Después de comer, una señora ha llamado a la puerta. Llevaba un coche deportivo rojo e iba toda ella muy elegante, con guantes de cuero de última moda. Ha dicho que se había enterado de que teníamos un loro, y ha preguntado si podía verlo. Papá le ha enseñado a Magdalena —sin sacarla de la jaula—, y ella le ha preguntado que de dónde había salido. Ha hecho muchas preguntas sobre el pájaro: desde cuándo lo teníamos, de dónde venía, si era manso, si nos dejaba tocarlo, quién jugaba más con él… Cosas así. Se ha pasado todo el rato mirándolo y haciendo preguntas. Quería ver la anilla de cerca, pero antes mi padre le ha preguntado si era la dueña del loro. Ella ha dicho que sí, y que quería que se lo devolviéramos. Papá no se fiaba. Le ha pedido que le dijera el número del brazalete del loro, pero ella no lo sabía. Tampoco ha podido enseñarnos ninguna prueba de que fuera la dueña. Nos ha contado que era científica y que el loro se había escapado de su laboratorio. Por la cara que ha puesto papá, no se la creía para nada. Ha dicho con firmeza que estaría encantado de devolverle el loro cuando le mostrase alguna prueba, pero que mientras tanto Magdalena se quedaba con nosotros. Ella no parecía muy sorprendida. Luego me ha mirado a mí con cara de tristeza. «¿Magdalena es tuya?» Yo le he dicho que sí. Me ha dado la impresión de que se ponía a pensar. Luego le ha preguntado a papá si podía aconsejarle un buen hotel en el pueblo. Él le ha dicho que solo hay uno, y que le daría el número. Se ha metido en la cocina para ir a buscar el listín. ¡Nada más quedarnos solas, la señora ha cogido la jaula de Magdalena, la ha metido en una bolsa negra de basura que ha sacado del bolso, ha salido corriendo por la puerta, ha tirado la bolsa dentro del coche y se ha ido por el camino de entrada! Magdalena no dejaba de graznar. Yo he salido corriendo, y dando gritos. Entonces ha salido papá y hemos cogido el coche para perseguirla, pero ya no estaba. Papá ha llamado al sheriff, pero no parecía que le interesara mucho encontrar un pájaro robado, sobre todo cuando podría ser la dueña. Nos hemos quedado sin Magdalena, de repente.

He subido a mi cuarto y no podía parar de llorar.

Pendergast cerró el diario y se lo metió en el bolsillo de la americana. En ese momento, un súbito relámpago iluminó los árboles del otro lado de la ventana y un trueno hizo temblar la casa.

—Increíble —dijo D'Agosta—. Helen robó el loro. De la misma manera que robó los loros disecados de Audubon. ¿Qué le estaría pasando por la cabeza?

Pendergast no dijo nada.

—¿Usted vio el loro alguna vez? ¿Lo llevó a Penumbra?

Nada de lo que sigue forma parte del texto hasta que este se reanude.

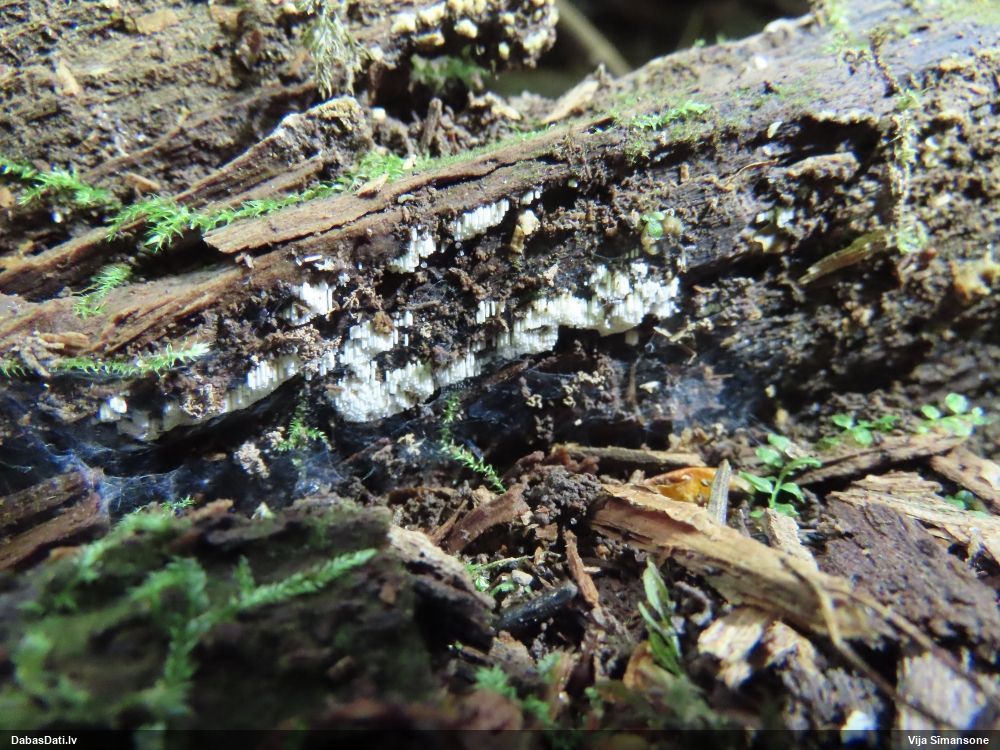 Satrūdējusi kritala mežā, nav dēļi. Iespējams, egle, jauktu koku mežs.

Aloysius sacudió la cabeza en silencio.

—¿Y el laboratorio científico del que habló a los Doane?

—No tenía ningún laboratorio, Vincent. Trabajaba para Médicos con Alas.

—¿Tiene alguna idea de qué coño pretendía?

—Por primera vez en mi vida, estoy total y absolutamente perdido.

El siguiente relámpago iluminó una expresión de puro azoramiento e incomprensión en el rostro de Pendergast.